From the records below, output exactly the lines starting at the line with "De esta forma, la" and ending at the line with "- Chinese mainland", both of them included, but no pictures.

-*-*-

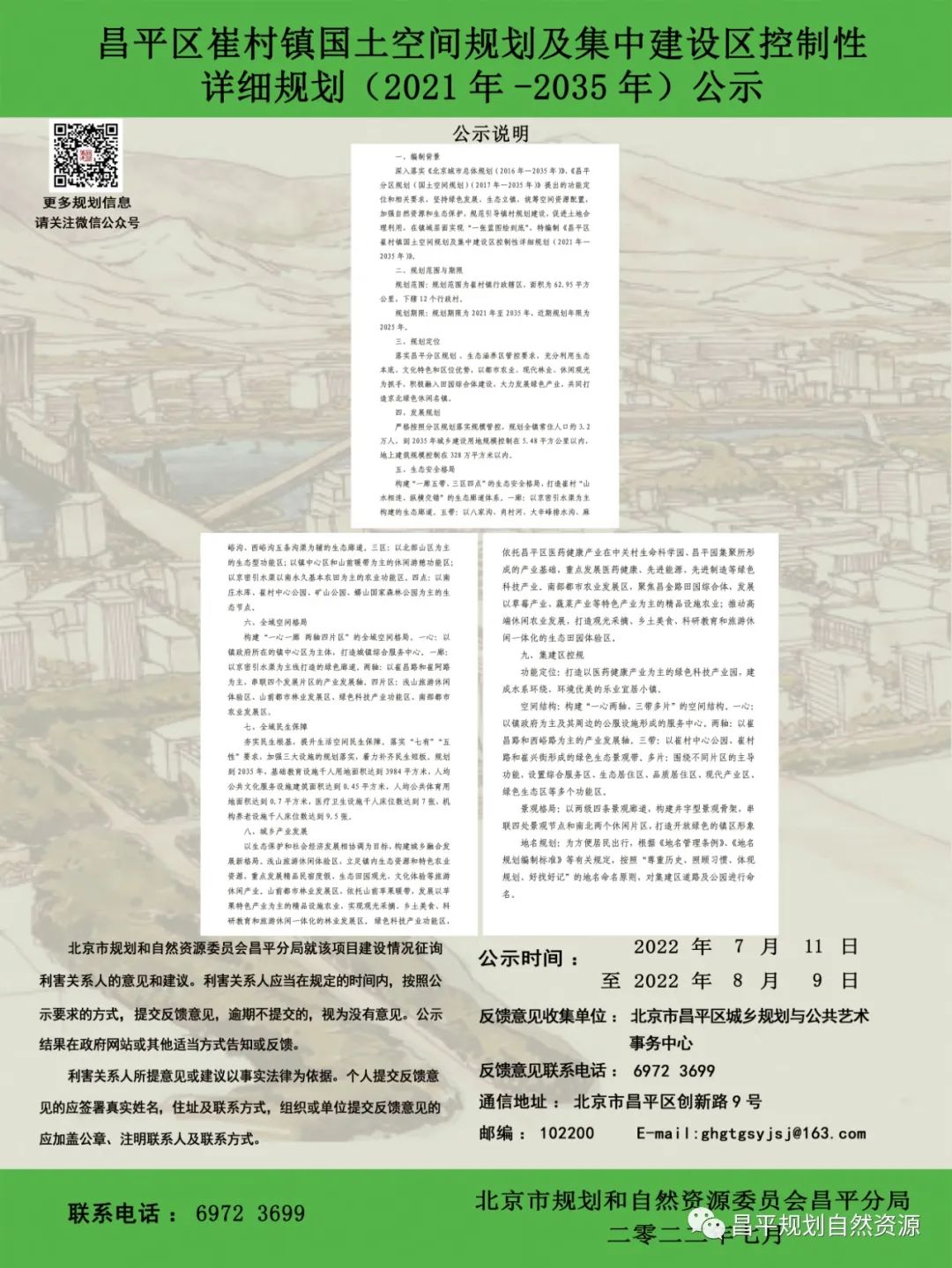 昌平区崔村镇国土空间规划及集中建设区控制性详细规划(2021年-2035年)公示
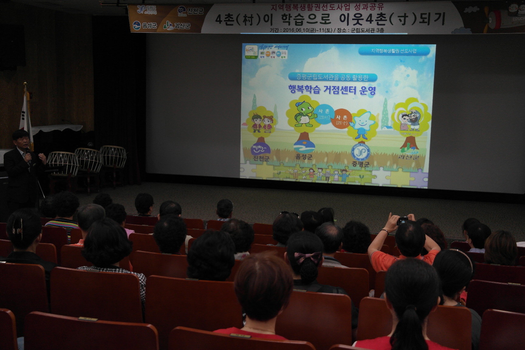 증평군이 진천, 괴산, 음성군과 함께 추진한 지역행복생할권 선도사업‘사촌(四村)-사촌(四寸)행복학습공동체’에 대한 성과 공유회를 가졌다.
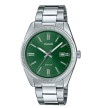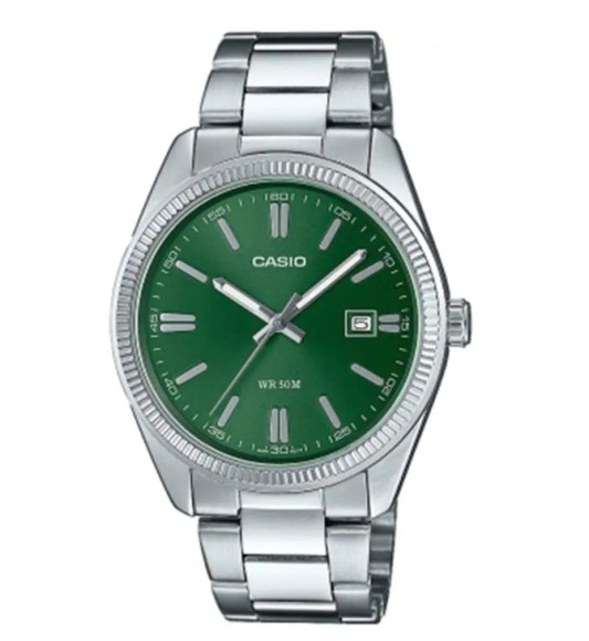 CASIO MTP‑1302PD‑3AVEF to klasyczny męski zegarek, który wyróżnia się elegancką, zieloną tarczą nadającą mu świeżego i nowoczesnego charakteru. Srebrna stalowa bransoleta oraz charakterystyczna karbowana luneta tworzą ponadczasowy, lekko biżuteryjny wygląd.
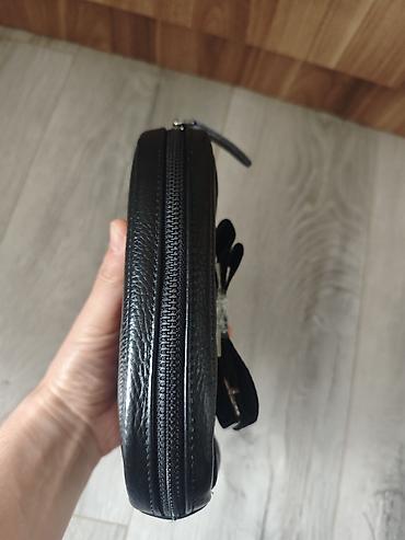 Kompakt qol çantası/kiçik bel çantası – qara rəngdə - Material: süni dəri (yumşaq tekstura) - Forma: kvadrat, sərt konturlu - Rəng: mat qara - Ölçü: təxminən kiçik/kompakt (ovuc ölçüsündə) - Bölmə...
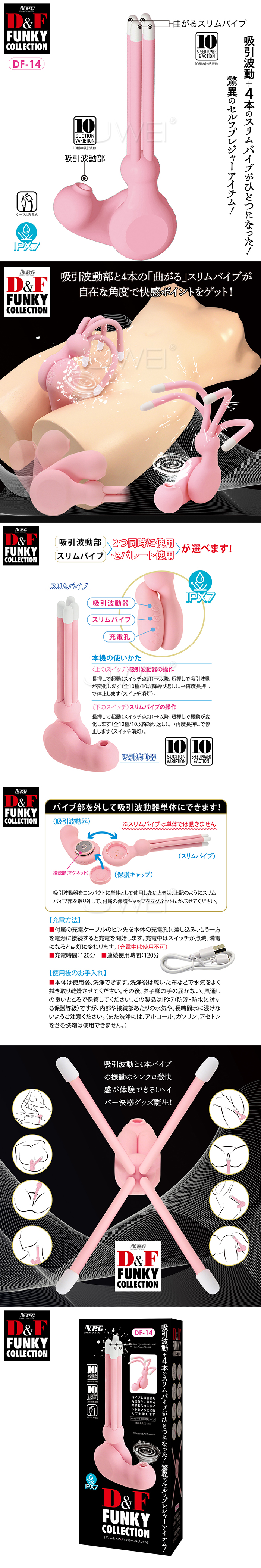 日本原裝進口NPG.D&F FUNKY COLLECTION 10x10頻吮吸強震異形觸手跳逗器【DF-14】
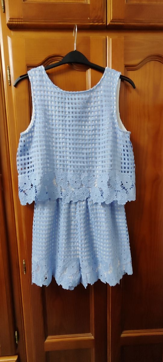 Detalles del productoMono de niña azul celeste, talla 18 años-167cm.,marca Mayoral, tejido de encaje. Reforzar costura del cuerpo derecho ya que viene así de fábrica. Cremallera parte posterior.Muy bien cuidado.
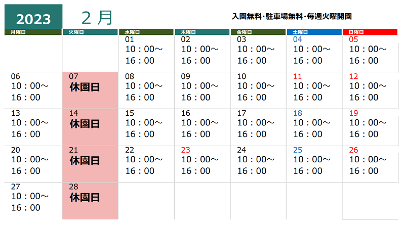 るるパーク(るるパークは大分農業文化公園の新愛称です)12月~2月の開園時間は 10:00~16:00 、休園日は毎週火曜日です。
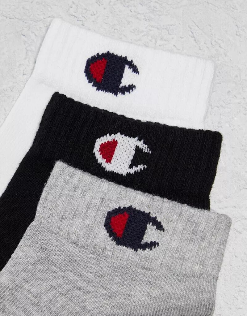Набор из трех носков Champion в сером, белом и черном цветах
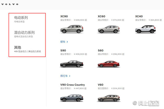 2021年,沃爾沃在華銷量為171,393輛,同比增長3.1%,其中沃爾沃XC60全年銷售超過6.5萬輛。目前,沃爾沃在售車型分別以“XC”開頭的SUV序列、以“S”開頭的轎車序列以及以“V”開頭的旅行車序列。同時,除了傳統燃油版外,沃爾沃還提供插電式混合動力和純電動系列車型,官方售價最低26.48萬元起,最高89.49萬元起。
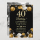 Elegant Black Gold Glitter 40th Birthday Photo Invitation
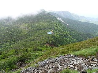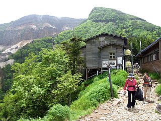 | 夏沢峠には2軒の山小屋が建つ | 夏沢峠から硫黄岳を望む | オーレン小屋 |
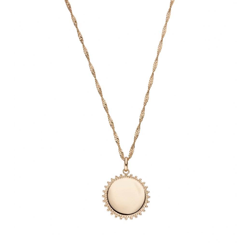 Náhrdelník s výrazným medailonem s okraji připomínajícími krajku. Na medailon vám vyryjeme jména, písmena i číslice podle vašeho přání.
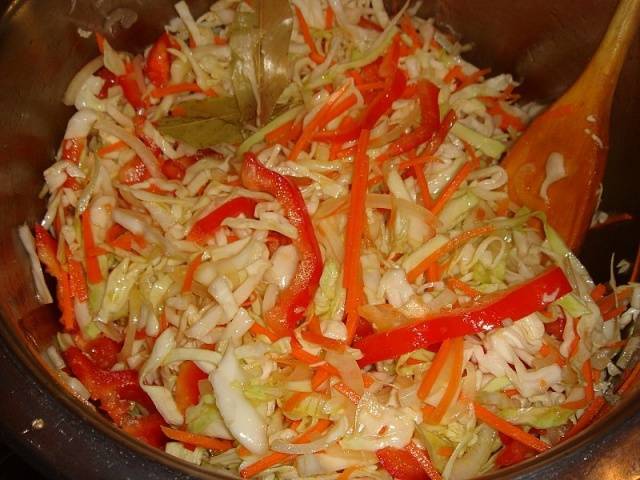 De esta forma, la col en escabeche con pimientos morrones se puede cocinar sin ajo o con la adición de más zanahorias, lo que prefiera.
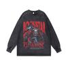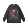 Dark Cartoon Digital Direct Injection Printing Washed Long-Sleeved T-Shirt For Men And Women American Retro Crew Neck Sweater
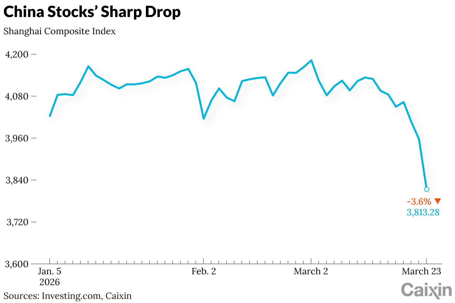 - Chinese mainland equities tumbled Monday as a fourth week of escalating Middle East tensions and a broader global market slide weighed on sentiment. The benchmark Shanghai Composite Index fell 3.6%. About 4.3 trillion yuan ($625 billion) was wiped from the mainland market.
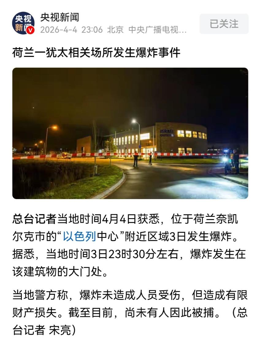 全球反犹行动只会愈演愈烈,而不会越来越小! 最新消息,荷兰奈凯尔克市的以色列中心发生了爆炸,这是一所专门用来宣传犹太文化,以及犹太人组织活动的场所,在当地时间 3 号深夜 11:30 的时候,突然发生了爆炸。 住在中心附近的居民说,当时正准备睡觉,突然听到一声巨响,震得窗户都在晃,出门一看,只见以色列中心的大门处火光冲天,浓烟滚滚,空气中弥漫着刺鼻的火药味和焦糊味。 警方在 11 点 32 分就接到了报警,赶到时发现大门已经被炸得严重变形,金属门框扭曲成了奇怪的形状,地上散落着玻璃碎片和爆炸残留物。 这处中心其实是当地 基督徒支持以色列 组织的总部,平时经常举办犹太文化讲座、以色列历史展览,还有犹太节日庆祝活动,是当地犹太社群和支持者的重要聚会点。 警方封锁了现场,排爆小组和法医都来了,连夜展开调查,可直到现在也没抓到嫌疑人,袭击动机还在排查中。 这起爆炸可不是孤立事件,最近全球针对犹太相关场所的袭击简直像开了闸一样停不下来。 就在爆炸前一天,加拿大多伦多一家犹太餐厅凌晨 1 点半左右遭到枪击,餐厅门窗被打得全是弹孔,好在当时店里已经打烊,没人受伤。警方查看监控,看到一名男子穿过马路,对着餐厅连续射击,随后迅速逃离现场,目前已经将此案定性为反犹仇恨犯罪。 再往前推几天,美国密歇根州西布卢姆菲尔德镇的犹太教堂也遭了殃,一名 41 岁男子在卡车上装满烟花,直接驾车冲撞这座当地最大的犹太教堂,还开枪射击。 FBI 调查后确认,这起袭击是受黎巴嫩真主党启发的恐怖行为,嫌疑人明确表示就是冲着犹太社群来的。 欧洲这边更是重灾区,3 月 9 日,比利时列日市一座百年犹太教堂突发爆炸,外墙被炸出一个大洞,内部的宗教用品损毁严重,警方当场就定性为恐怖主义袭击。 3 月 13 日,荷兰鹿特丹一座犹太教堂先是发生爆炸,接着又被人纵火,整个建筑都被浓烟熏黑。 3 月 23 日凌晨,英国伦敦北部的犹太社区也没能幸免,四辆用于紧急医疗救助的志愿救护车被人故意点燃,烧成了空壳,一个叫 正义人民伊斯兰运动 的伊朗支持组织还在社交平台上认领了这起袭击。 数据更能说明问题,美以联合发起针对伊朗的军事行动后,美国反犹事件激增了 344%,创 50 年来最高纪录,欧洲各地 3 月份的袭击事件也暴涨了 50% 到 280%。 这些袭击不再是零散的个人行为,而是呈现出组织化、网络化的趋势,很多新兴极端组织通过 Telegram 等平台串联,专门挑选犹太教堂、社区中心、学校甚至救护车这些核心目标下手。 更让人担忧的是,这些袭击已经从单纯针对犹太机构,扩散到了支持以色列的非犹太组织,就像荷兰奈凯尔克的这个以色列中心,明明是基督教组织运营的,却也成了攻击目标。 随着巴以冲突持续升级,美伊关系日益紧张,这种仇恨情绪还在不断蔓延,社交媒体上的极端言论更是推波助澜,让越来越多原本中立的人被卷入其中。 种种迹象都在表明,全球反犹行动的势头根本没有减弱的迹象,反而在不断扩大范围、升级手段。 只要中东的战火不停,只要仇恨的种子还在传播,这些针对犹太社群的攻击就只会愈演愈烈,成为困扰全球的一大难题。 本文内容皆为个人看法,如有更好的见解欢迎在评论区留言讨论。
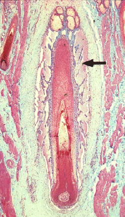 par de nombreuses fibres provenant de la région basale de la vibrisse.
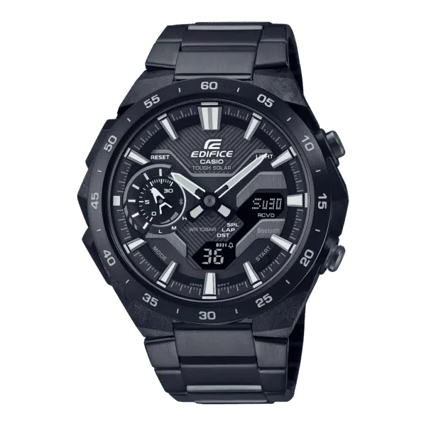 Vivi tutta l’adrenalina di una corsa su un’auto di Motorsport con EDIFICE WINDFLOW ECB-2200DD, il cronografo analogico digitale ispirato alle piste automobilistiche.
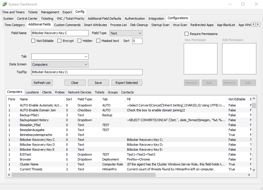 Im dritten Schritt werden nun die Extra Data Fields erstellt, die für die Abspeicherung des Recovery-Keys sowie das Recovery-Passwort erforderlich sind. Diese werden dann im Skript verwendet. Wie Sie ein EDF erstellen können, erfahren Sie hier.
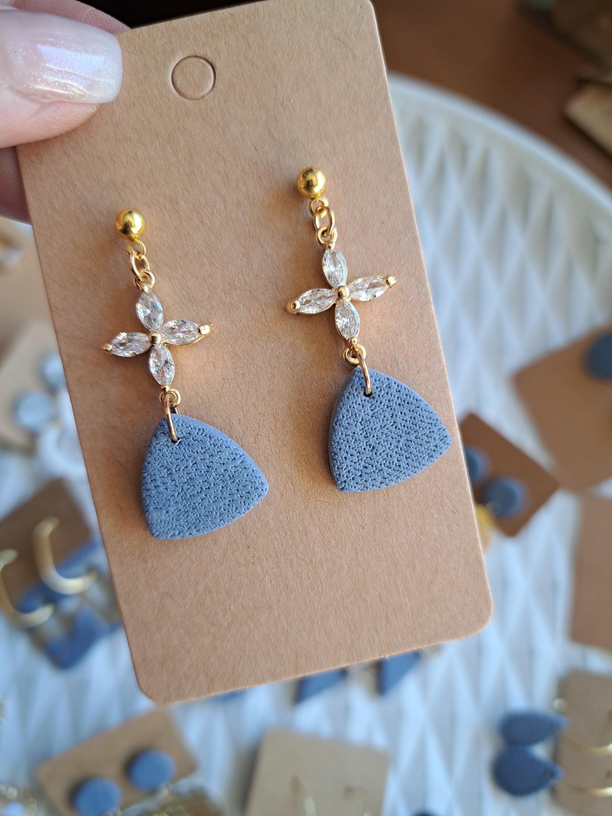 Polymerton ist eine ofenhärtende Modelliermasse die sich vor allem durch ihr leichtes Gewicht auszeichnet. Daher sind die Ohrringe sehr angenehm zu tragen und beschweren deine Ohren nicht. Nach dem Ausrollen und in Form bringen werden die Ohrringe gebacken und durchlaufen danach viele verschieden Arbeitsschritte. Einige Arbeitsschritte kannst du dir auch Hier ansehen. Manche Modelle werden nach dem Backen mit UV Harz versiegelt. Die Rückseiten der Ohrringe sind in der Regel nicht bearbeitet.
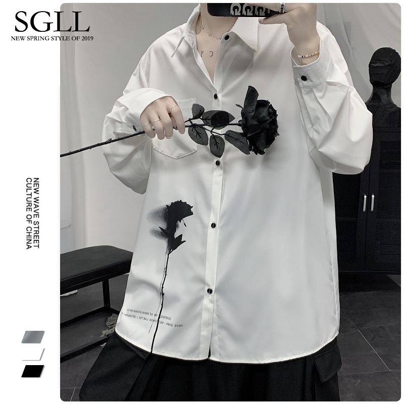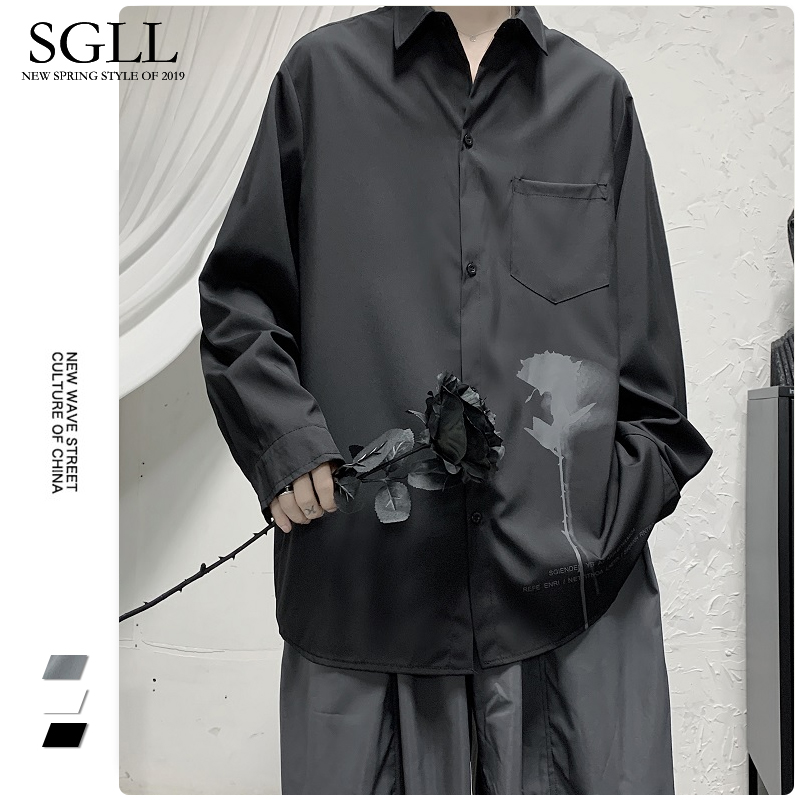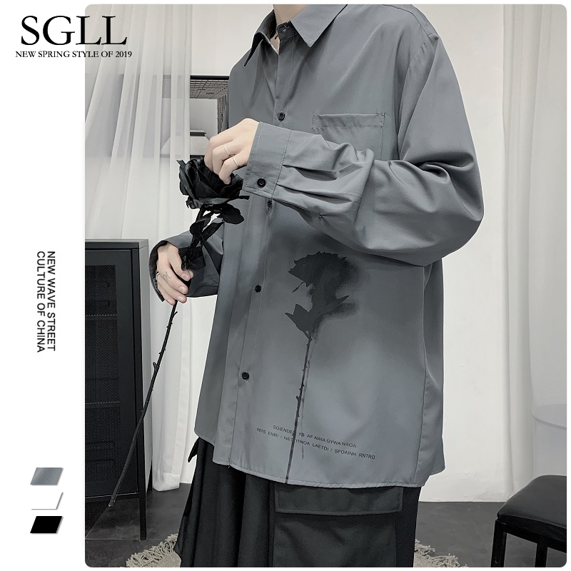 Autumn high-end shirt men's long-sleeved print design niche shirt Hong Kong style casual top loose coat tide
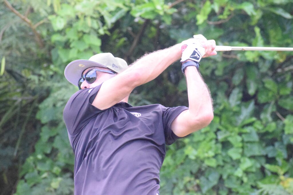 McDonald’s of Guam and Saipan President Jose C. Ayuyu tees off for Hole No. 16.
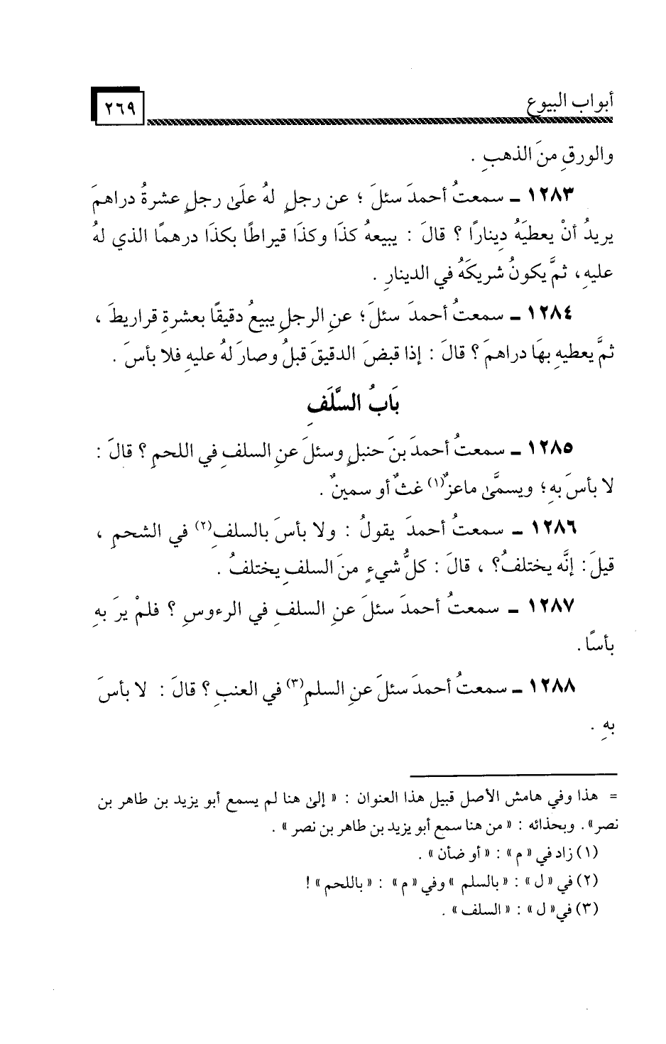 1285 - سَمِعْتُ أَحْمَدَ بْنَ حَنْبَلٍ، " سُئِلَ عَنِ السَّلَفِ فِي اللَّحْمِ؟ قَالَ: لَا بَأْسَ بِهِ، وَيُسَمَّى مَاعِزٌ غَثٌّ أَوْ سَمِينٌ «.
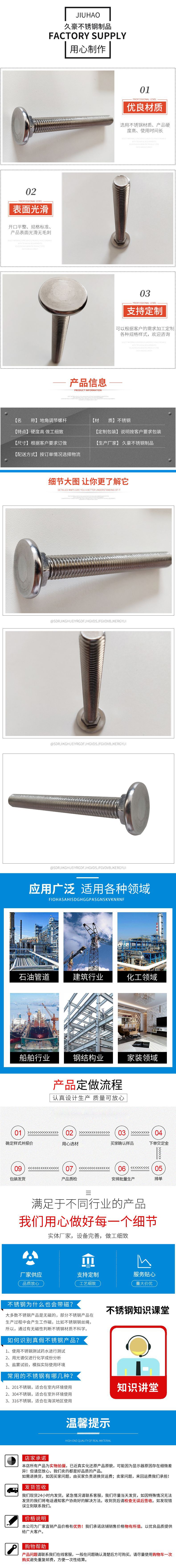 产品介绍:兴化市久豪不锈钢制品有限公司专业非标件开发加工,主营304、316等材料及一些特殊材料的轴肩螺丝,t型螺丝,台阶螺丝、防盗螺丝、马车螺丝、空心铆钉等...
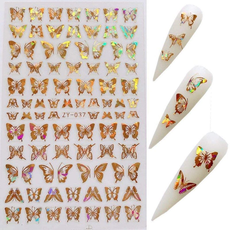 - OCCASIONS: Laser Butterflies nail stickers will be the best gift for your female friends, your mom, your wife. butterflies nail decals for acrylic nails are perfect for home nail DIY and professional nail salon. Butterfly stickers for nails are great for your fingernails and toenails decorations

-*-*-

◆ Result of this task:
 De esta forma, la col en escabeche con pimientos morrones se puede cocinar sin ajo o con la adición de más zanahorias, lo que prefiera.
 Dark Cartoon Digital Direct Injection Printing Washed Long-Sleeved T-Shirt For Men And Women American Retro Crew Neck Sweater
 - Chinese mainland equities tumbled Monday as a fourth week of escalating Middle East tensions and a broader global market slide weighed on sentiment. The benchmark Shanghai Composite Index fell 3.6%. About 4.3 trillion yuan ($625 billion) was wiped from the mainland market.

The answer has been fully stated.